··· GIVEN INFORMATION ···
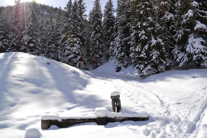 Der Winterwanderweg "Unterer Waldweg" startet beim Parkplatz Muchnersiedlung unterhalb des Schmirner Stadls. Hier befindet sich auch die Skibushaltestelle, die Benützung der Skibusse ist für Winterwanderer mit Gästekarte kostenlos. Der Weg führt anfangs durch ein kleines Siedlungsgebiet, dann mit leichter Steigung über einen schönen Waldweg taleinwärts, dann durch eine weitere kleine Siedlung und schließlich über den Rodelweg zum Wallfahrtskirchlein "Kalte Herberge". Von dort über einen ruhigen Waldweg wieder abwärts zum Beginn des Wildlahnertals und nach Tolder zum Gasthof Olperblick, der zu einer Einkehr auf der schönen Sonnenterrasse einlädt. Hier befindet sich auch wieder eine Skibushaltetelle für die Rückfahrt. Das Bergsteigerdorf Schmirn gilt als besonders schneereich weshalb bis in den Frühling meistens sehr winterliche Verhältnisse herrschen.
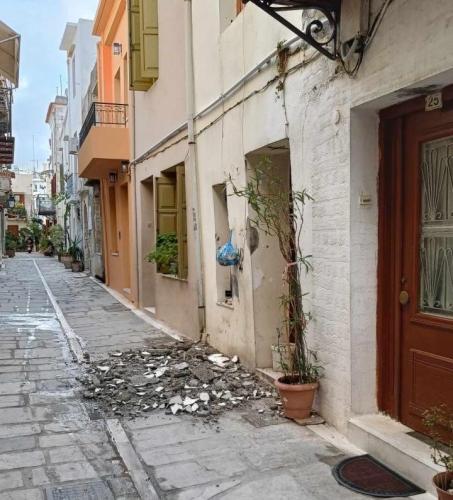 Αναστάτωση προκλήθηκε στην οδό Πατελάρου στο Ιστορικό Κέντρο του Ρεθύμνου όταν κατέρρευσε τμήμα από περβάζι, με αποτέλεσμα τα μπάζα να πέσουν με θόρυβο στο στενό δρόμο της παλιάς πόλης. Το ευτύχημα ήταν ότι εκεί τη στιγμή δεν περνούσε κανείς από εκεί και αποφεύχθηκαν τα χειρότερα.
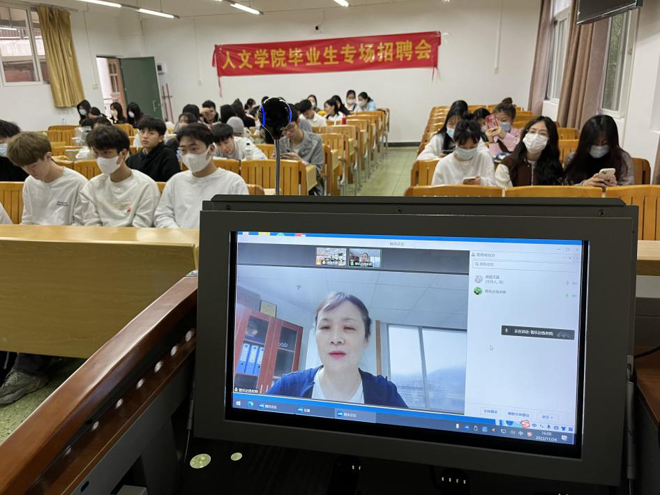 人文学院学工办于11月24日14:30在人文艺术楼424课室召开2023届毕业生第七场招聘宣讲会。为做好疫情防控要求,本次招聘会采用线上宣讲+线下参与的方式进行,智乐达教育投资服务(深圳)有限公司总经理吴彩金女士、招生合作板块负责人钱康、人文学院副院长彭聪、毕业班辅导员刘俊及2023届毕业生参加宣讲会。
···
EXERCISE DETAILS: Your copy of the listing should match it exactly, apart from the pictures, which are left out.

EXERCISE RESULT:
 Der Winterwanderweg "Unterer Waldweg" startet beim Parkplatz Muchnersiedlung unterhalb des Schmirner Stadls. Hier befindet sich auch die Skibushaltestelle, die Benützung der Skibusse ist für Winterwanderer mit Gästekarte kostenlos. Der Weg führt anfangs durch ein kleines Siedlungsgebiet, dann mit leichter Steigung über einen schönen Waldweg taleinwärts, dann durch eine weitere kleine Siedlung und schließlich über den Rodelweg zum Wallfahrtskirchlein "Kalte Herberge". Von dort über einen ruhigen Waldweg wieder abwärts zum Beginn des Wildlahnertals und nach Tolder zum Gasthof Olperblick, der zu einer Einkehr auf der schönen Sonnenterrasse einlädt. Hier befindet sich auch wieder eine Skibushaltetelle für die Rückfahrt. Das Bergsteigerdorf Schmirn gilt als besonders schneereich weshalb bis in den Frühling meistens sehr winterliche Verhältnisse herrschen.
 Αναστάτωση προκλήθηκε στην οδό Πατελάρου στο Ιστορικό Κέντρο του Ρεθύμνου όταν κατέρρευσε τμήμα από περβάζι, με αποτέλεσμα τα μπάζα να πέσουν με θόρυβο στο στενό δρόμο της παλιάς πόλης. Το ευτύχημα ήταν ότι εκεί τη στιγμή δεν περνούσε κανείς από εκεί και αποφεύχθηκαν τα χειρότερα.
 人文学院学工办于11月24日14:30在人文艺术楼424课室召开2023届毕业生第七场招聘宣讲会。为做好疫情防控要求,本次招聘会采用线上宣讲+线下参与的方式进行,智乐达教育投资服务(深圳)有限公司总经理吴彩金女士、招生合作板块负责人钱康、人文学院副院长彭聪、毕业班辅导员刘俊及2023届毕业生参加宣讲会。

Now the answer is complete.